If anyone can improve upon this code, I’d certainly like to see it.

April 7, 2007 Posted by bitbank | arm, arm9, asm, assembly language, benchmark, optmization, performance, pocket pc, smartphone, tech, wince | | 3 Comments

Working with the cache on ARM/OMAP

I decided to revisit my performance testing taking into account how the data cache affects performance. I wanted to see about speeding up JPEG decoding and how writing “the wrong way” into memory affected its performance. The JPEG test I used was to decode a fake 1600×1200 16bpp image. Since each scanline is 3200 bytes, a line of 8×8 macroblocks won’t fit entirely in the 16k data cache. What I found was suprising; I got results similar to the surpise I got with STM vs. STR on the OMAP and XScale. On the OMAP, writing individual 16-bit pixels (8 per line) takes 3 times as long as writing them in one shot with a STMIA of 4 registers. I can only imagine that on the OMAP, the STM instruction tells the memory controller not to read the cache line, but simply write through. On the XScale, the STM was actually a bit slower. This implies that the OMAP is smart about what type of write occurs and the XScale isn’t. Also that the OMAP doesn’t try to fill the rest of the cache line when doing a partial write if you use STM. Can anyone verify this theory?

April 3, 2007 Posted by bitbank | arm, arm9, asm, assembly language, benchmark, jpeg, optimization, performance, tech, xscale | | 3 Comments

ARM Multiply Performance

Someone asked me to do some testing of the performance of the ARM multiply instruction.  I hadn’t included it in my previous performance tests because it didn’t occur to me; I don’t use it in the inner loops of game emulators.

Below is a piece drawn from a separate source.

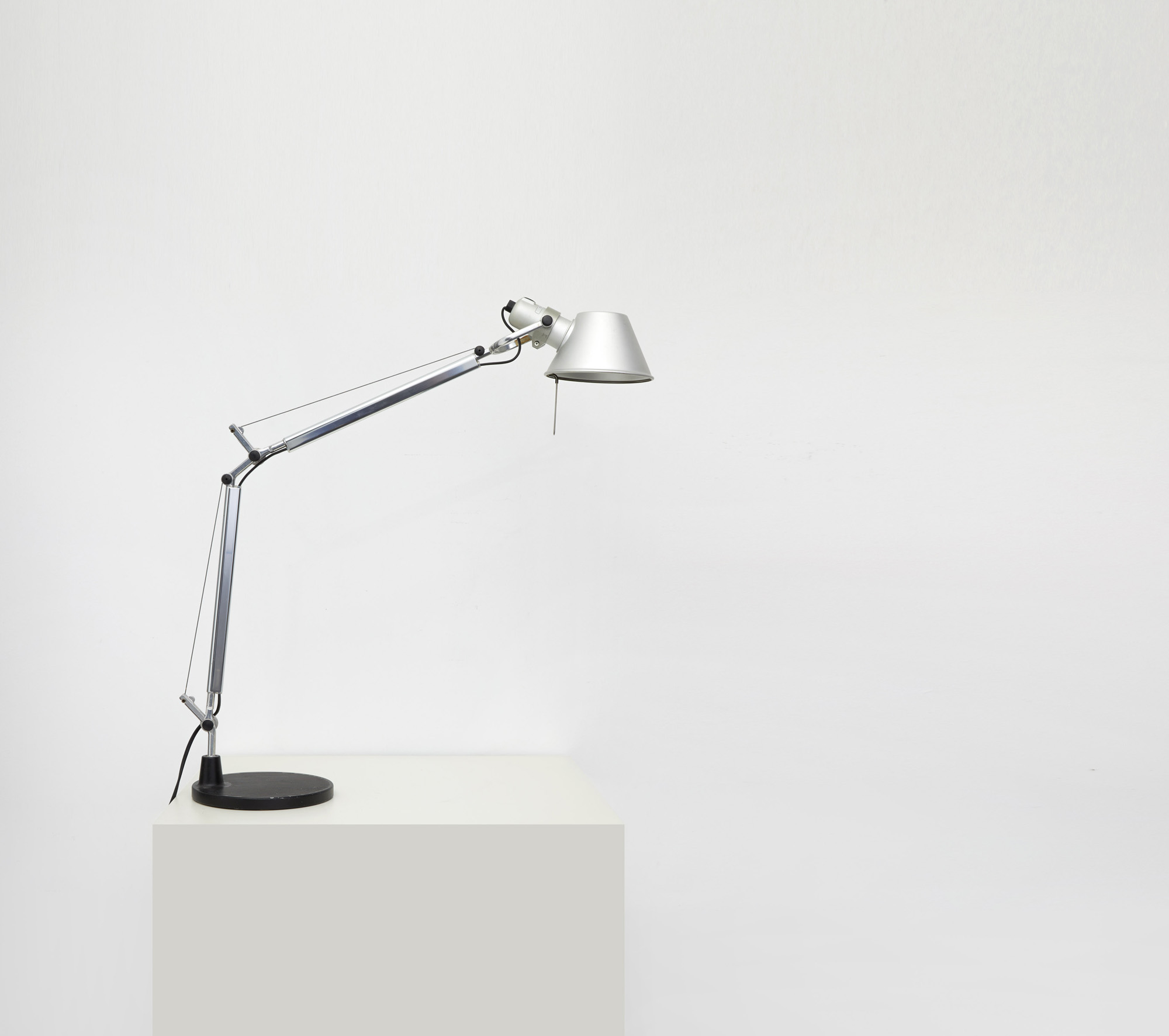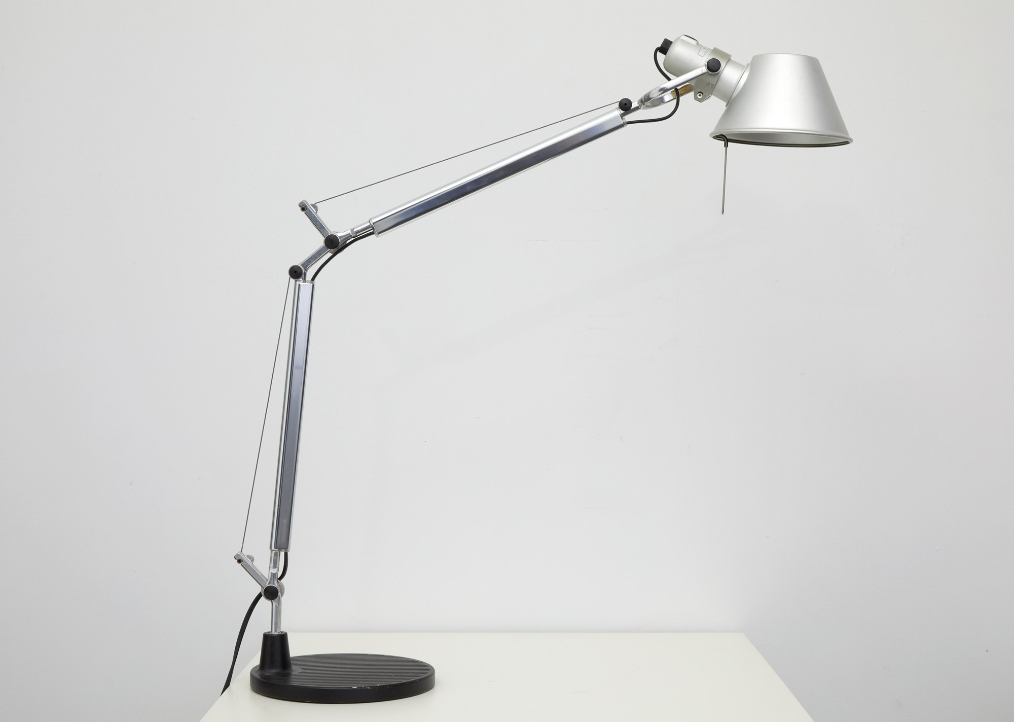 Lampada da tavolo, modello "Tolomeo mini", base con struttura a bracci mobili in alluminio lucidato e diffusore in alluminio opaco.

I decided to see if there was a difference in performance when working with different data values (e.g. multiplying by zero) and on the XScale vs. OMAP CPUs.  The firt test showed that there is no difference in the performance when working with zero and non-zero data.  The second test showed that the XScale has a much faster implementation of multiply than the OMAP.  On my 400Mhz PXA255 handheld, my tests showed that the unsigned multiply instruction (MUL) takes just 1 clock cycle, but on the OMAP 850 (used in many SmartPhones) it takes 2 clocks.  I haven’t tested the 32×32 multiply because it’s in the ARM5 instruction set and the VS2005 C compiler generates ARM4 compatible code.

March 26, 2007 Posted by bitbank | arm, arm9, asm, assembly language, benchmark, optimization, optimização, performance, pocket pc, smartphone, tech | | 2 Comments

Coding for Speed (Q&D advice for targeting ARM)

Anyone who knows me is familiar with my Q&D (quick & dirty) approach to just about everything.  My feeling is that if you can get 95% of it done in a short time, but 100% takes a long time, be happy with 95% :) .

I thought it might be useful to discuss some simple ideas for making your applications run faster.  These ideas are directed at ARM based devices, but the same concepts apply to pretty much any computing platform.  Here is a quick list of do’s and dont’s for the C and ASM programmer:

1) Avoid using divide and modulus (%) (C/C++)

99% of all ARM embedded and portable devices in use today support the ARM5 instruction set which does not include divide.  Doing a divide calls a long and ugly function.  Along the same line of thought, I always get a good laugh when I see someone do this:

i = j % 8;

For those of you who don’t get the joke, using MOD to get the remainder from a power of 2 constant forces the use of a divide instruction.  The correct code (which becomes a single instruction) is:

i = j & 7;

Perhaps a smart compiler converts it when it sees nice constants, but replacing the 8 with a variable will force the compiler to use divide.  X86 systems do have a divide instruction, but this it’s still a good idea to avoid using modulus when it’s not necessary.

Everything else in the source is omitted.